Riley shook her head. “Thanks for being here.”

“No thanks are necessary.” She dipped into her expensive handbag and pulled out a handful of individually wrapped, lemon-scented wipes, which she tucked into Riley’s palm. She gave a comforting smile. “You look as if you’ve stepped out of the pages of a Dickens novel.”

Abigail was fighting off tears. She asked about Sig, and Henry promised to find out what was going on. Straker, on his feet, started to pace. Riley knew the inaction was getting to him, just being in a hospital again after his ordeal six months ago.

“I’m sorry, Henry,” she said. “I know you wanted me to get far away from trouble, and here I’ve just jumped from a burning building.”

“We’ll worry about that later,” he said. “The important thing is that you and your sister are all right.”

Facing Henry Armistead, however, was nothing compared to facing Mara Labreque St.
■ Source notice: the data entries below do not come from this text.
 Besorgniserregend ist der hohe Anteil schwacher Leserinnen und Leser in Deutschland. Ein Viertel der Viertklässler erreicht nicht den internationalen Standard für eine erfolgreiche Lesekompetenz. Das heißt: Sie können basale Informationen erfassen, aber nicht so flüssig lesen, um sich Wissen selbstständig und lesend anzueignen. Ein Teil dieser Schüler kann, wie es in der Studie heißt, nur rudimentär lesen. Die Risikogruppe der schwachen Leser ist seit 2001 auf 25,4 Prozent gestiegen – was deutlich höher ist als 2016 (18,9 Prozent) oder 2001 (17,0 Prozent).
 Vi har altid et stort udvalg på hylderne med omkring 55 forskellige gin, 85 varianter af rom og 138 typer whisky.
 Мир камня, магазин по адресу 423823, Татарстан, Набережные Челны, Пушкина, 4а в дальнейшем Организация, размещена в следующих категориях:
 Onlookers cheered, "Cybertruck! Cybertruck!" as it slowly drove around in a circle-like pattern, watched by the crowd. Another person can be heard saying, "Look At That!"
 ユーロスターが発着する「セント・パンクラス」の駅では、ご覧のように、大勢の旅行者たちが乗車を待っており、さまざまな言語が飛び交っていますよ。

Joe. She burst into the waiting room with the air of a woman who’d flown up the coast on a broomstick. She was disheveled, frantic, refused to wait for anyone to tell her where to find her daughter. She grabbed Riley and took off into the treatment rooms, muttering, “Damn Emile,
damn him.

“Mom, I should warn you. Sig’s pregnant.”
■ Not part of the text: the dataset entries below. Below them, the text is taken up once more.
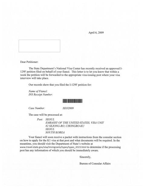 I heard that my case was forwarded to Seoul Embassy on April 06, 2009, although, Seoul Embassy did not receive it yet, it should arrive sometimes next week.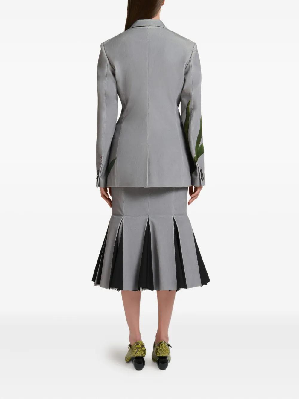 grey tulip print four-button fastening welt chest pocket flap pockets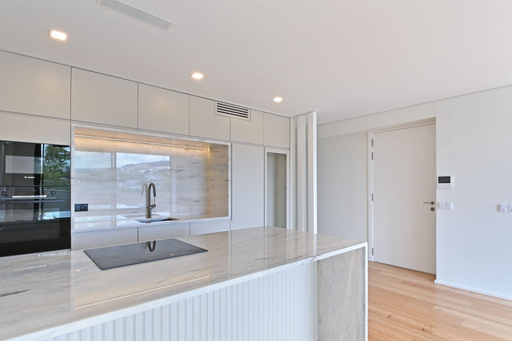 Strefa dzienna została zaprojektowana tak, aby sprzyjała wspólnym chwilom z rodziną i przyjaciółmi. Dzięki bezpośredniemu wyjściu z salonu na balkon można cieszyć się spokojem i wyjątkową panoramą Guimarães oraz okolicznego krajobrazu.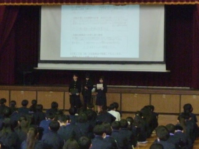 生徒会本部役員をはじめ、それぞれの委員会が後期の活動の振り返りを発表しました。2年生が主体となって、うまくいったこともいかなかったことも来年に生かそうとしています。より良い学校にするために、全校生徒が協力体制を大事にしていきたいですね。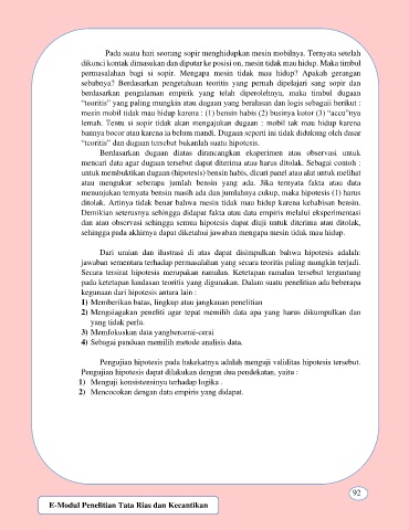 menunjukan ternyata bensin masih ada dan jumlahnya cukup, maka hipotesis (1) harus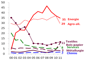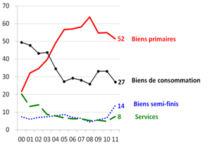 La concentration de ses exportations sur un nombre très limité de produits et de partenaires est à l’origine de ces fluctuations. Les produits primaires représentent 52 % des exportations birmanes. Cette grosse moitié est constituée aux deux tiers de gaz naturel. Viennent ensuite le bois (18 %), les produits agricoles (8 %) et miniers (7 %) (Graphiques 3 et 4). La quasi-totalité des ventes énergétiques est destinée à la Thaïlande qui constitue le principal marché de la Birmanie (39 % des exportations totales, presque exclusivement dans la filière énergétique, Tableau 2). Les exportations de produits agro-alimentaires qui représentent 29 % des ventes birmanes sont principalement destinées à l’Inde (15 %) et à la Chine (6 %). Cette dernière est le principal fournisseur de la Birmanie : 40 % de ses importations en provenaient en 2011. La Birmanie achète à la Chine dans toutes les filières, particulièrement dans celles de la mécanique, des véhicules et de la métallurgie. Le poids des importations birmanes issues de Chine a doublé durant la décennie 2000. Corollaire : une sensible diminution des parts relatives des pays fournisseurs à haut revenu de la région (Singapour, Japon et Corée du Sud).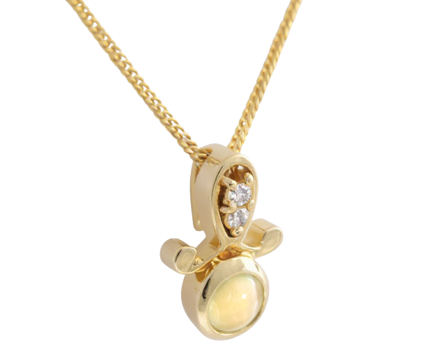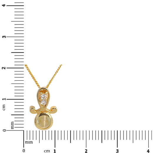 18KT GOLD PENDANT SET WITH 01 CHRYSOBERYL CATS EYE AND 02 DIAMONDS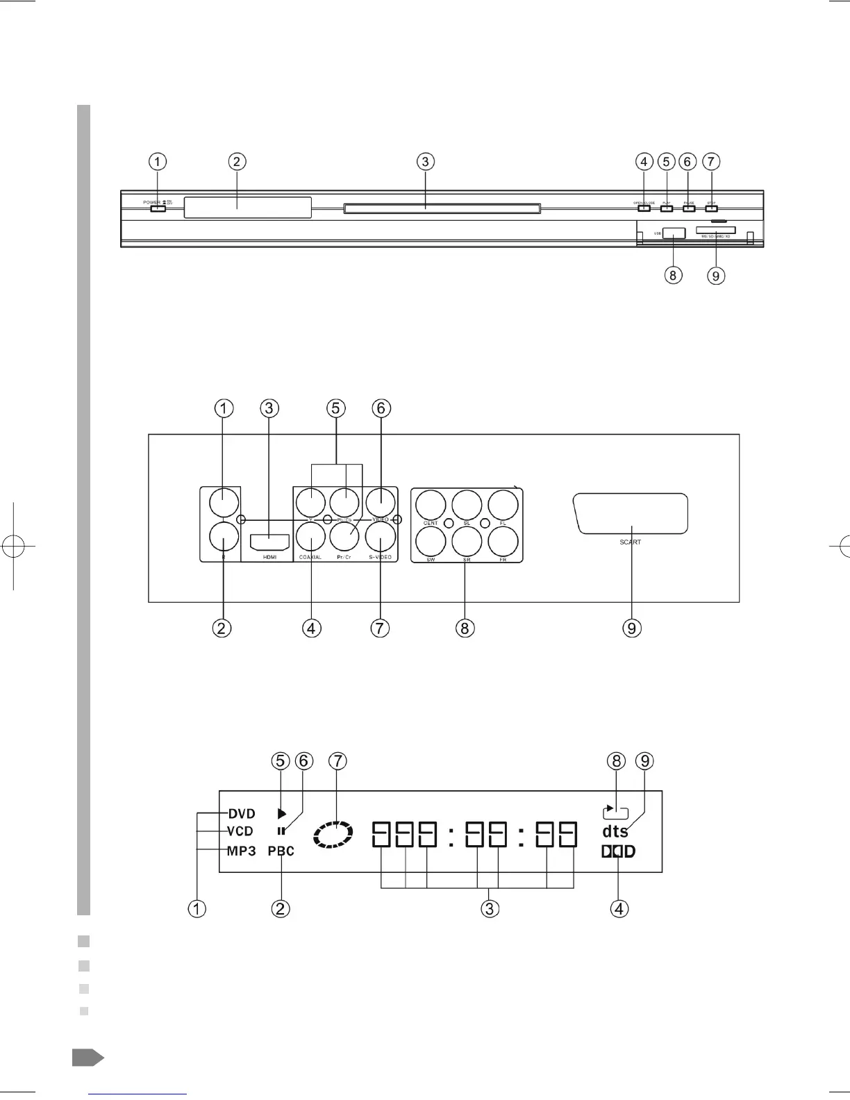 3. Anzeige Kaitel-Zeit 6. Anzeige Pause 9. Anzeige DTS

“Damn it, I know she’s pregnant! I have eyes in my head!”

“She’s having twins,” Riley added.

Her mother faltered. Her dark eyes shone. Her lower lip trembled, but she rallied. She turned on Riley as if she were Emile’s clone. “And you let her come up here with you? The least you could have done was stay in a motel. You didn’t have to stay at the cottage. Damn it, Riley, what were you thinking?”

“Mara.” Richard St. Joe eased in behind them. “Riley’s been through a rough time tonight, too.”
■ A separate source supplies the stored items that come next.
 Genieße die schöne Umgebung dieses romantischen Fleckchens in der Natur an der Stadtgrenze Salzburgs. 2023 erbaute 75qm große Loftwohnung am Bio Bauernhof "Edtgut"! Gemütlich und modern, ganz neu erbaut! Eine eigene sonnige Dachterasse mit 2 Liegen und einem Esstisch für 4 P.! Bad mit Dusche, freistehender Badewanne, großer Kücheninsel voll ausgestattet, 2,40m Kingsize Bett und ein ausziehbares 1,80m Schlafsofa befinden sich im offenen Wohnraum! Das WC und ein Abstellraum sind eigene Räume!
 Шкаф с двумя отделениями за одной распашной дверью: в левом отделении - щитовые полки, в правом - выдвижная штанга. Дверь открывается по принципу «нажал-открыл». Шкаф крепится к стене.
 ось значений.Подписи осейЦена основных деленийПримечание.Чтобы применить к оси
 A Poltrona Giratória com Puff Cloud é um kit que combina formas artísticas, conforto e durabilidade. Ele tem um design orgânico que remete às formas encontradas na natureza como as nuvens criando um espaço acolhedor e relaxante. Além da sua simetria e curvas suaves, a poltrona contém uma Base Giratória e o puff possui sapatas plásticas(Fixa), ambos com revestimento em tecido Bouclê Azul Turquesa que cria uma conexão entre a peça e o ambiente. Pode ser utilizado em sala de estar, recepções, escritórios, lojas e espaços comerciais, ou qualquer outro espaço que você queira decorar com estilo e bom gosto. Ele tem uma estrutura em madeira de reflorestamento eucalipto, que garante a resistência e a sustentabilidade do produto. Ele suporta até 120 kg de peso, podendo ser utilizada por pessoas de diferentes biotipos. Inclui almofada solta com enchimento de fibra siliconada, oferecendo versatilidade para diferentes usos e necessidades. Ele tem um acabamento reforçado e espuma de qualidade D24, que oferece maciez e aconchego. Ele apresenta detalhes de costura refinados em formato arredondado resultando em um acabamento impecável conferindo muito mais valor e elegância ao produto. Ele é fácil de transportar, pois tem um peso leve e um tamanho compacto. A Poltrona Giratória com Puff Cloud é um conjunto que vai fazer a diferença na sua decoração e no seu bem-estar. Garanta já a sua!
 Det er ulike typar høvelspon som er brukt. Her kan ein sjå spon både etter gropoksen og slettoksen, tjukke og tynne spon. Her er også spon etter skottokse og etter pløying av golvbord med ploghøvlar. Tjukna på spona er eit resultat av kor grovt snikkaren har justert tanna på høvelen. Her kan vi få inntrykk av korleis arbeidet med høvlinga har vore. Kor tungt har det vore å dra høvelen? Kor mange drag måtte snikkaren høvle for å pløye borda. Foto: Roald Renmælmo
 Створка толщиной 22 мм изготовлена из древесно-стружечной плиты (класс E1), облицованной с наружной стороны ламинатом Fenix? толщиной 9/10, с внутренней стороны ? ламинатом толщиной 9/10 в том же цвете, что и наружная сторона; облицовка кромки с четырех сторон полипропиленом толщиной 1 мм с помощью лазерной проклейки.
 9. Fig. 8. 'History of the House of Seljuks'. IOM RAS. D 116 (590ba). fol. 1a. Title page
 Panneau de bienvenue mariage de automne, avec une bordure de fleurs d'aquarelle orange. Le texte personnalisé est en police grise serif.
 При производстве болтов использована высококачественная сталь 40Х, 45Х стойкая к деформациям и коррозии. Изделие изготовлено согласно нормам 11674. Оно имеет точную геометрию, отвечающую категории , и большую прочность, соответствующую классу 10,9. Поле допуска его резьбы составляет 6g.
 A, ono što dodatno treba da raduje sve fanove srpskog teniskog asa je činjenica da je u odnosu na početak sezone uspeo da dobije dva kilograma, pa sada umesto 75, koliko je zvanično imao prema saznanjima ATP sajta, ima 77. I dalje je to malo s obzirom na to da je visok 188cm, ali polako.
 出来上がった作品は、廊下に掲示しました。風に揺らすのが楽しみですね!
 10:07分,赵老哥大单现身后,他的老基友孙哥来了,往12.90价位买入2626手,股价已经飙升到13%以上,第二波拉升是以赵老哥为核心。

“I know, I know, I’m sorry….” She put a hand on Riley’s cheek, tried to smile through her tears. “You’re okay?”

“I’m fine, Mom.”

“I spoke to a doctor,” her father said. “She said Sig’s doing well. She sprained an ankle and had some smoke inhalation, and she’s dehydrated.”

“Can we see her?” Mara asked.

“Yes, but she’s asleep right now. They want to get her into a regular room and keep her at least until morning.”

“I want to see her,” Mara insisted.

Richard nodded. “I know. Me, too.”

A nurse escorted the three of them to Sig’s treatment room. She was asleep on her side under a thin blanket, her pregnancy obvious even to someone who wasn’t looking for it. She was still hooked up to an IV but had been taken off oxygen. Riley stood back while her parents came to terms with the reality of how close they’d come to losing not one daughter this time, but two.

“Come on,” Richard said, putting an arm around his wife, “I’ll buy you a cup of coffee. I’m not going anywhere until she wakes up and I hear her voice. Riley?” He attempted a smile. “You look like you could use a whole pot of coffee.”

“I’ll be along.”

“You’re sure?”

She nodded. “Tell the rest of the crowd Sig’s okay, will you? Then send them home. Henry’s ready to fire me as it is.” She breathed in. “Forget Straker. It won’t matter what you tell him. He’s going to do what he’s going to do.”

“He’s always been that way,” her mother said.

After they left, Riley moved next to her sister and tried to let the relief she knew she should be feeling register. Her
mind
was all set: Sig was okay. She hadn’t died. She hadn’t lost her babies. Intellectually, Riley could grasp those basic facts.